Dynamic methods do not support debug symbols.

Starting with the .NET Framework version 2.0 Service Pack 1, ReflectionPermission with the ReflectionPermissionFlag.ReflectionEmit flag is no longer required when emitting dynamic assemblies and dynamic methods. This flag is required in all earlier versions of the .NET Framework.

NoteNote:

ReflectionPermission with the ReflectionPermissionFlag.ReflectionEmit flag is included by default in the FullTrust and LocalIntranet named permission sets, but not in the Internet permission set. Therefore, in earlier versions of the .NET Framework, a library can be used with Internet permissions only if it executes an Assert for ReflectionEmit. Such libraries require careful security review because coding errors could result in security holes. The .NET Framework 2.0 SP1 allows code to be emitted in partial trust scenarios without issuing any security demands, because generating code is not inherently a privileged operation. That is, the generated code has no more permissions than the assembly that emits it. This allows libraries that emit code to be security transparent and removes the need to assert ReflectionEmit, which simplifies the task of writing a secure library.

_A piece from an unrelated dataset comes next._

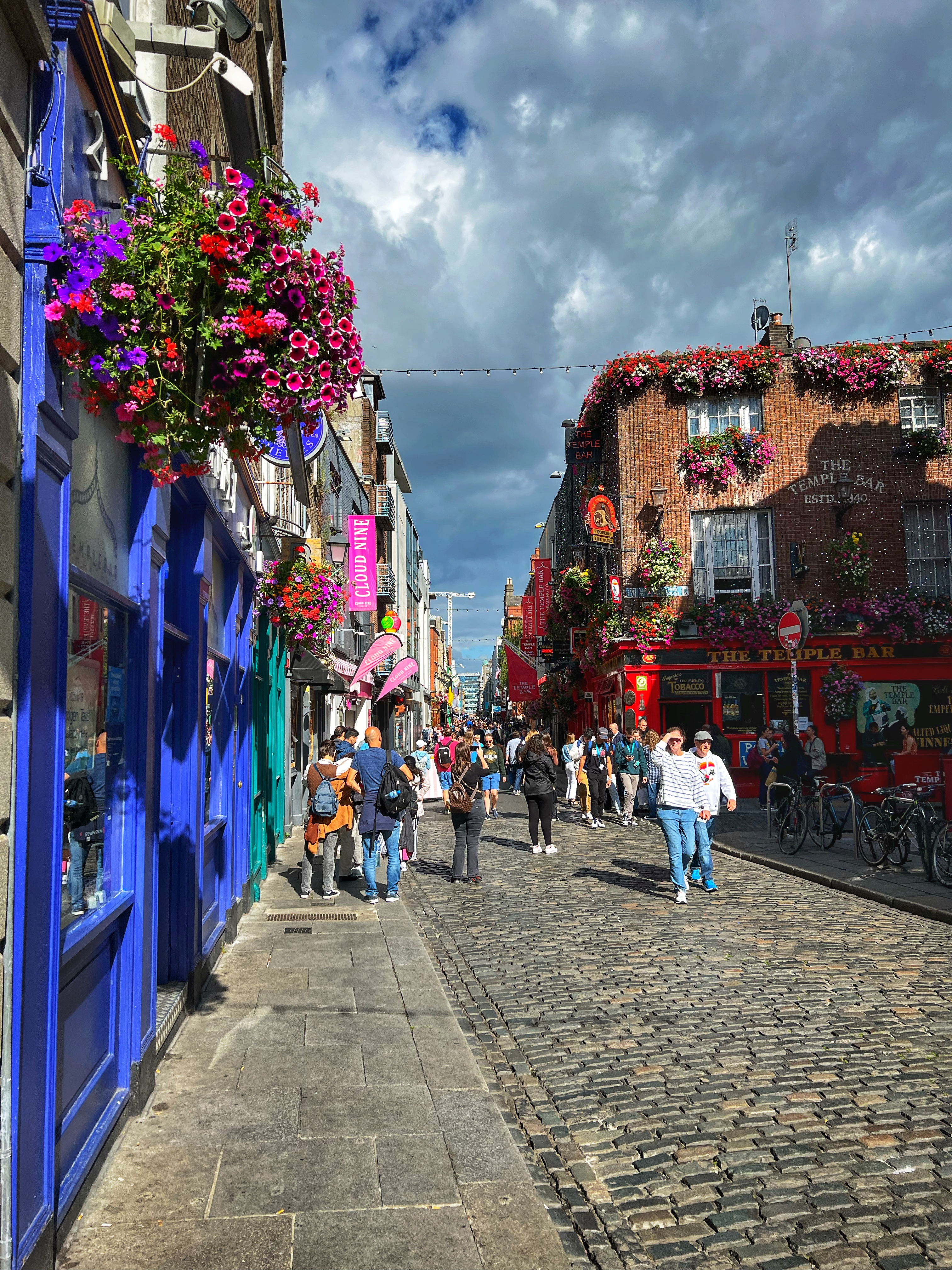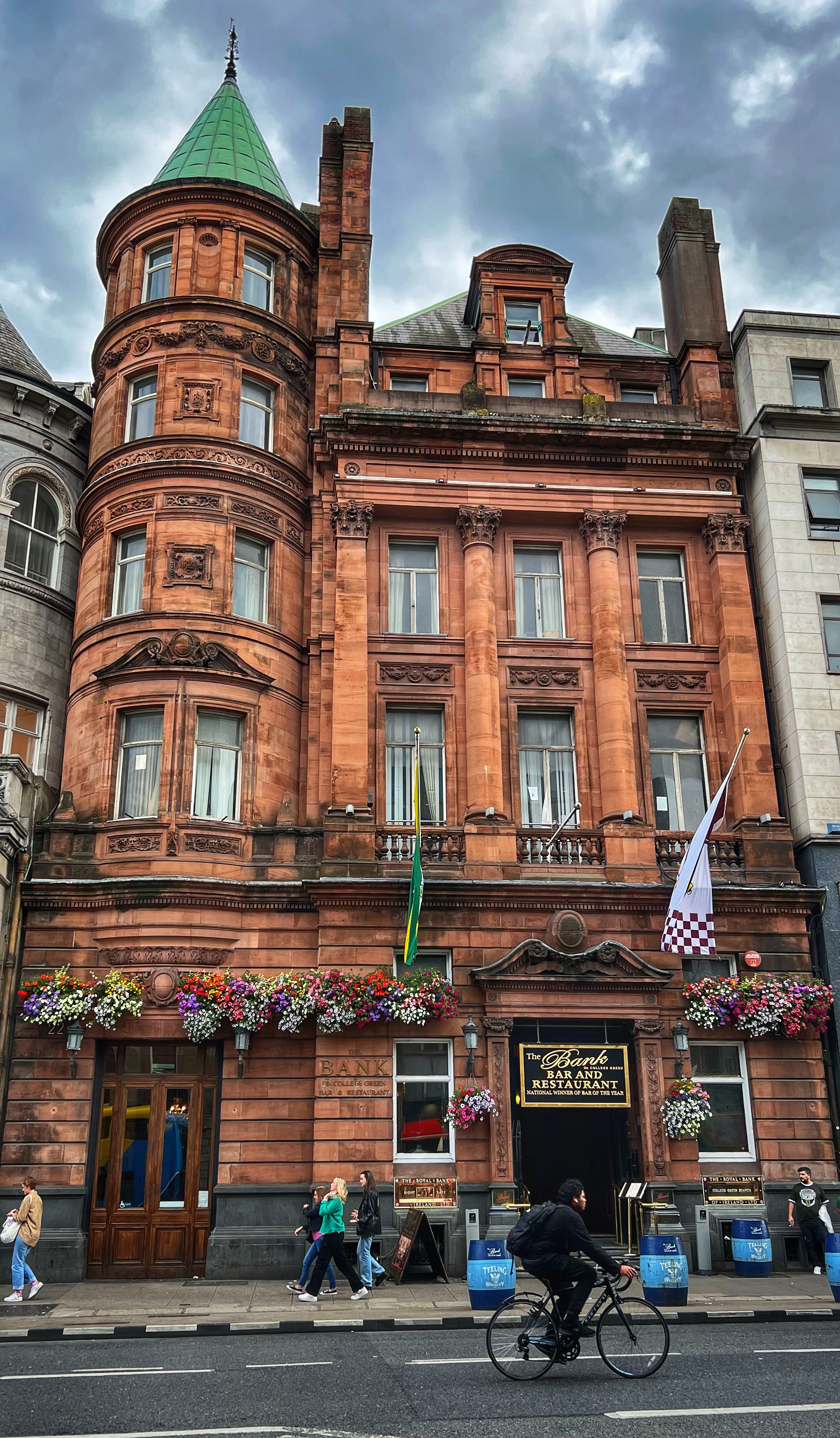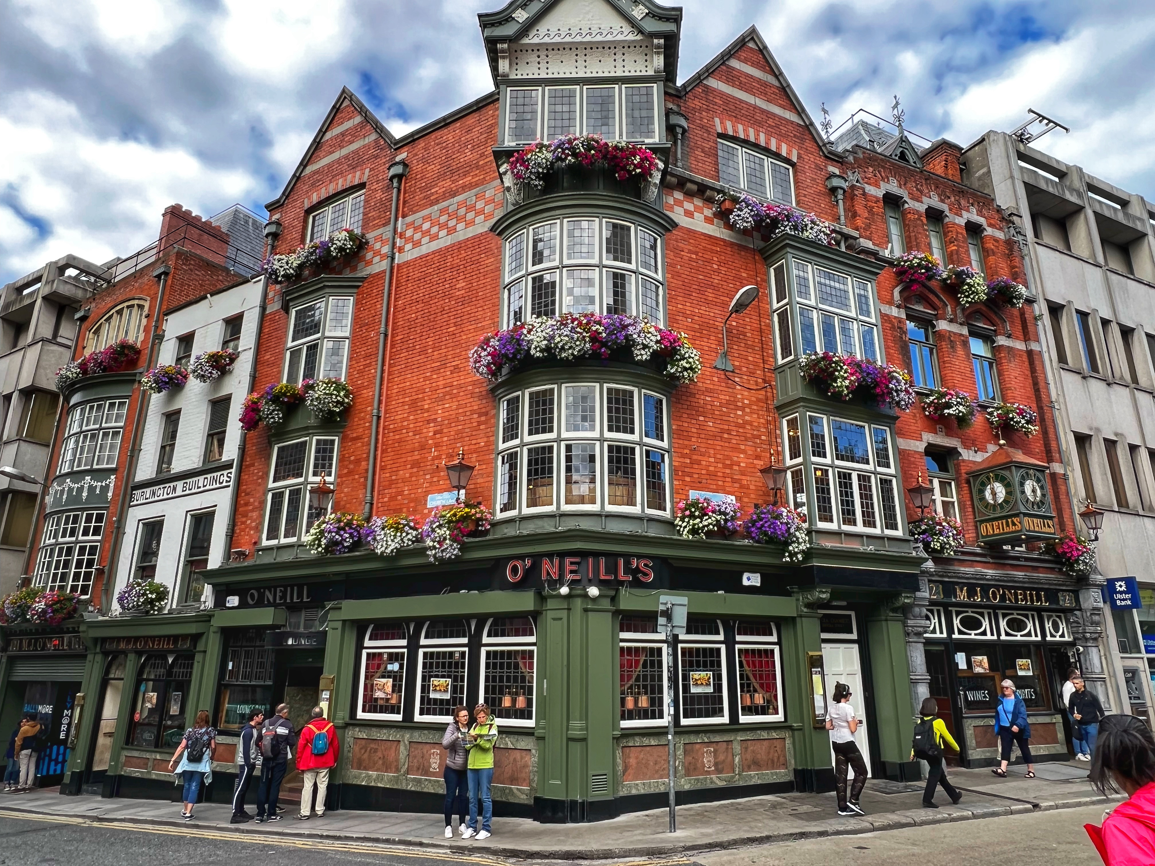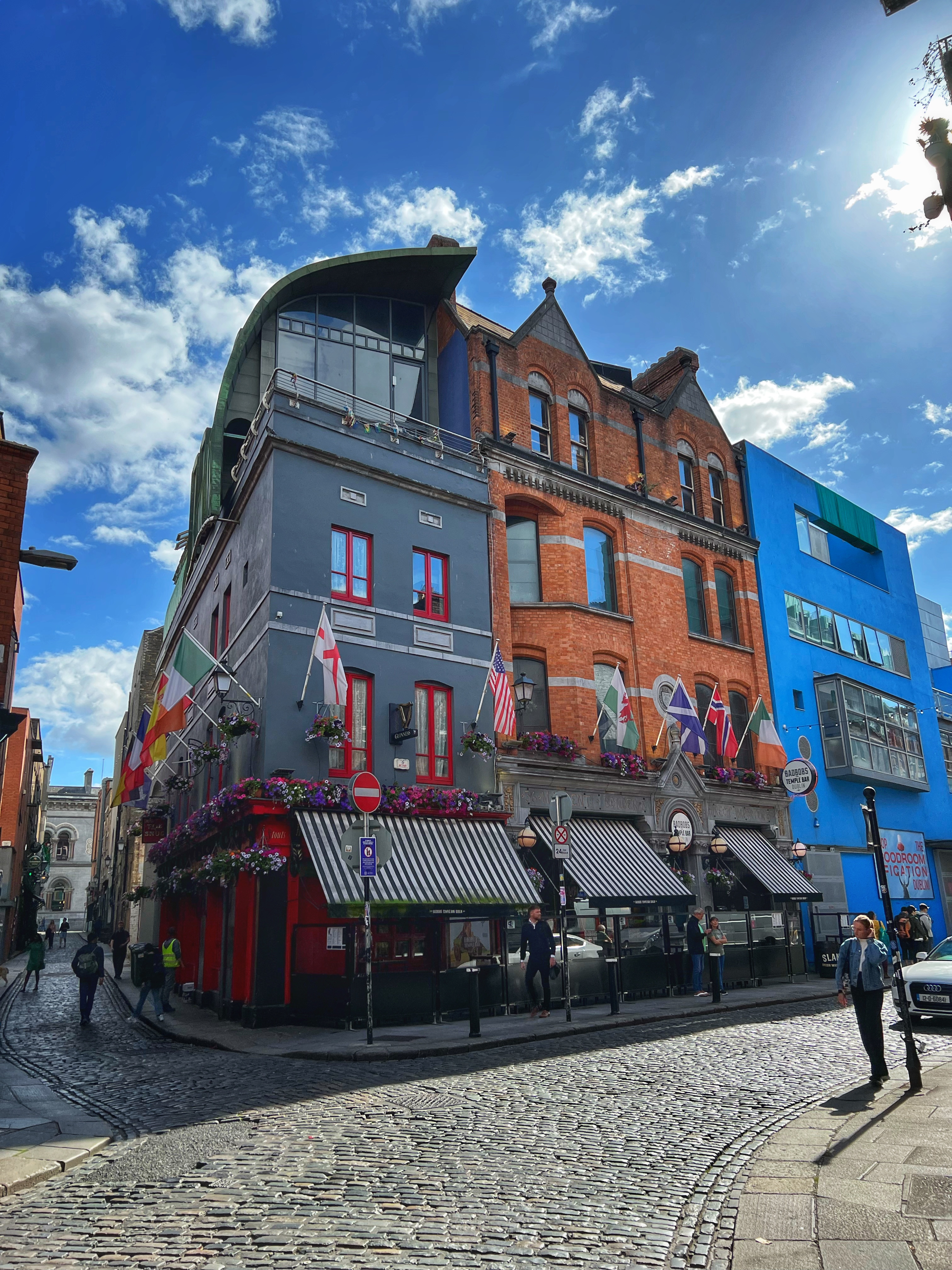 Next we wandered down to the Temple Bar area. We learned Temple Bar isn’t just one place – it’s a whole neighborhood in Dublin! There are many “Temple Bars” in Temple Bar neighborhood, but the most noteworthy is the bright red Temple Bar Pub, est in 1840, made famous for their 450+ kinds of whiskey, Ireland’s largest collection. My favorite building in this neighborhood is the green and yellow Oliver St. John Gogarty’s Hostel – it’s not even a pub!

In addition, the .NET Framework 2.0 SP1 introduces the ReflectionPermissionFlag.RestrictedMemberAccess flag for accessing nonpublic types and members from partially trusted dynamic methods. Earlier versions of the .NET Framework require the ReflectionPermissionFlag.MemberAccess flag for dynamic methods that access nonpublic types and members; this is a permission that should never be granted to partially trusted code.

Finally, the .NET Framework 2.0 SP1 introduces anonymously hosted methods.

To use these features, your application should target the .NET Framework version 3.5. For more information, see .NET Framework 3.5 Architecture.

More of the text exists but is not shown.